Air France/KLM Rejects an Alitalia Acquisition While the Vultures Circle

Alitalia, Worst Airline Ever

I’ll admit that the last couple of years have been rough for me. Alitalia, which I long ago dubbed the worst airline ever, has been very quiet. It was under new leadership, working on combining with AirOne, and it wasn’t making headlines. Those were dark times, but there is a light at the end of the tunnel. It turns out that Alitalia was being very quiet for one reason… it was too busy burning through a silly amount of cash. This means the airline is back where it belongs: at the bottom.

Alitalia Worst Airline Ever

My last update was back in February, and a lot has happened since then. The short version of the story? Alitalia is a mess and came close to running out of cash (again). The competitive situation now looks even worse with low cost carriers circling, adding large new bases in Italy. Meanwhile, Alitalia has basically put all its hopes on the French and the Dutch. The response from the anointed savior? Um, no.

Air France/KLM is not only a SkyTeam and Transatlantic joint venture partner, but it’s also a 25 percent owner of Alitalia. The assumption has long been that eventually Air France/KLM would take over Alitalia and then keep the brand flying. There’s only one problem with that. Air France/KLM isn’t going for it.

Alitalia decided it needed 300 million euros, so it went out looking for existing shareholders to chip in so that their stakes weren’t diluted. Air France/KLM responded by writing off its stake in Alitalia. Oh, and it won’t be participating in the cash call unless there is drastic change.

Alitalia has promised just that with cost cuts, capacity cuts on shorter flights, and an increase in long haul flying. Air France/KLM saw the plan and told Alitalia to suck it. To get their Franco-Dutch overlords onboard, Alitalia would have had to get creditors to restructure a lot of the crushing debt saddling the company. The creditors aren’t interested.

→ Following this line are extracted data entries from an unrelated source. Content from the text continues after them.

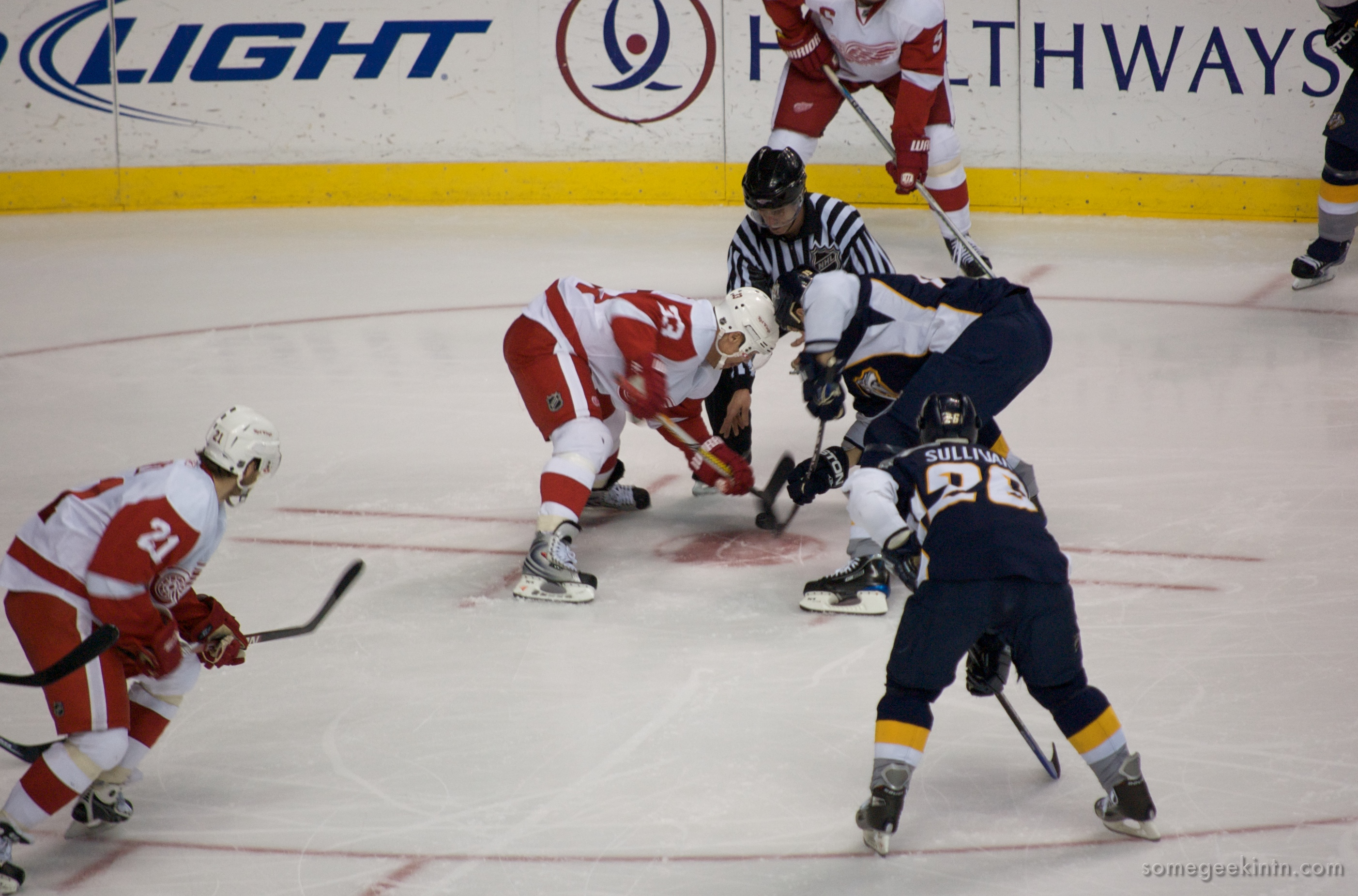 Face off Red Wings (white and red) versus Predators
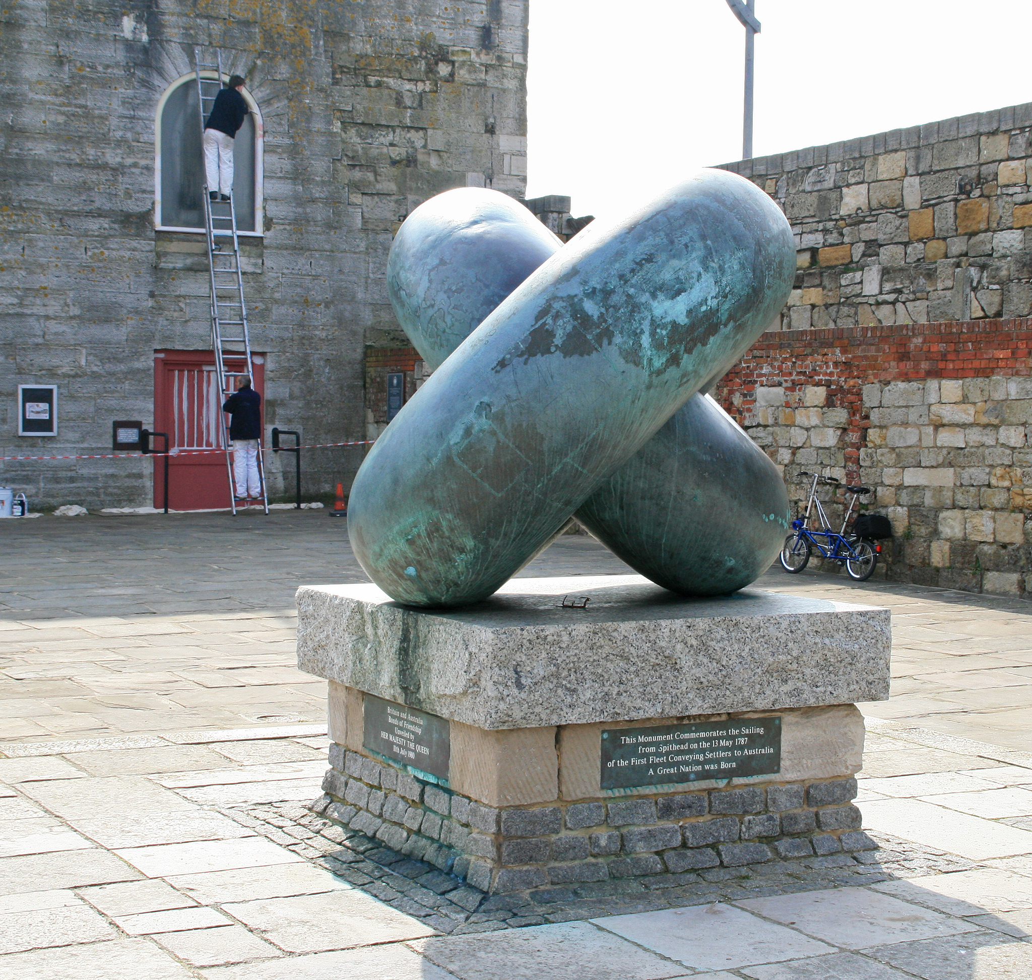 First Fleet Memorial at Portsmouth, UK, from where the First Fleet sailed. This memorial sits on a slab of granite shipped from New South Wales, and matches an identical memorial in NSW. An accompanying wall plaque is located nearby at the entrance to a Sally Port in the ancient fortifications at the entrance to Portsmouth Harbour. Image uploaded by me User:George.Hutchinson from a photograph taken by and supplied by Brian Burnell. Wikipedia editors are reminded that the copyright remains with the photographer, and that the terms of the Creative Commons licence; that allow editors to reuse this image apply to Wikipedia editors also, as they do to other re-users of this image. Breaches of the licence terms are not only unlawful, but are also antisocial, in that breaches discourage photographers from making their images freely available to everyone without payment. Wikipedia re-users are also reminded of the license terms that derivatives of this image should not imply that the adaptation is endorsed or approved by the author or copyright holder. Neither should derivatives be presented as the creation of the author or copyright holder, while clearly stating that the adaptation is a derivative of the original. Attribution online should be in this format Brian Burnell. On the printed page, a simpler form is acceptable - example: "Image: Brian Burnell". Non-Wikipedia users are requested to advise Brian Burnell of its use other than on Wikipedia.
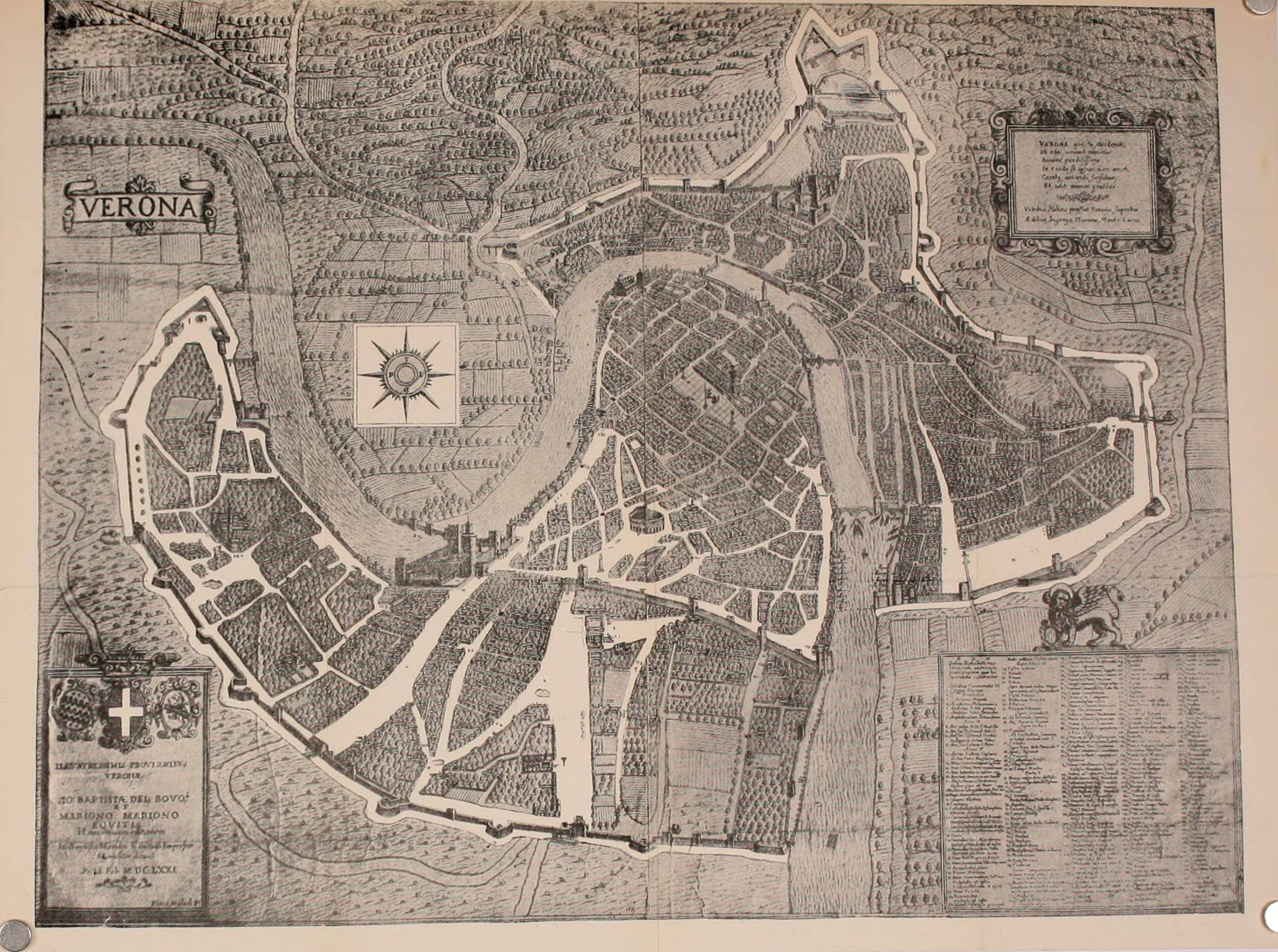 Title: The story of Verona Year: 1907 (1900s) Authors: Wiel, Alethea, b. 1851 Subjects: Verona (Italy) -- History Verona (Italy) -- Description and travel Publisher: London : J. M. Dent Text Appearing Before Image: ' Text Appearing After Image: CHAPTER V From the Fall of the Scaligers to thePresent Day npHE head of the house of Visconti at the momentwhen Verona was added to the duchy of Milanwas Gian Galeazzo, one of the most treacherous andambitious tyrants of his age. In the league formedbetween him, the Republic of Venice, and the Carraresiof Padua, it had been arranged that Verona should beceded to the Visconti, and Vicenza to Padua. Thiscompact was now carried out, though Gian Galeazzoby guile and force soon after wrested Vicenza from itsdestined owner. At Verona the princely system ofbuilding carried on so grandly by the Scaligers wasstill maintained. The fortifications already existinground the town were renewed ; the castles of S. Pietroand S. Felice (this latter sometimes known as Castel-nuovo) were erected by order of the lord of Milan,who doubtless hoped in this way to ingratiate himselfwith the Veronese besides providing for his own safety.Gian Galeazzo did not however win the love of hisnew subjects, who, though

The result is that the already-delayed deadline to raise the 300 million euros has come and gone with only 173 million euros raised. Air France/KLM has offered nothing because the plan is too weak. So is this the end of Alitalia? Of course not.

The Italian government decided to get creative. Since it couldn’t give aid directly to the airline, it could strong arm others into playing the game and created a back-up plan if existing investors didn’t want to play ball. So now, the Italian postal service will put money into Alitalia. Why? Oh who the heck knows. I’m guessing either political favors or not-so-veiled threats forced them to the table. By December 10, Alitalia should have the 300 million euros it wants. But then it’ll just burn through that and be in trouble again.

Wait. Maybe this new plan will save the airline. Ha, no, that’s a good one. Let’s get real. Alitalia is a dinosaur that would have gone out of business years ago if the government wasn’t so hell-bent on keeping it flying.

On short haul routes, it’s about to get a lot worse. Alitalia used to live on government gifts like a monopoly on the most important route in the country, Milan/Linate to Rome/Fiumicino. Now easyJet is on the route, but that’s just the tip of the iceberg.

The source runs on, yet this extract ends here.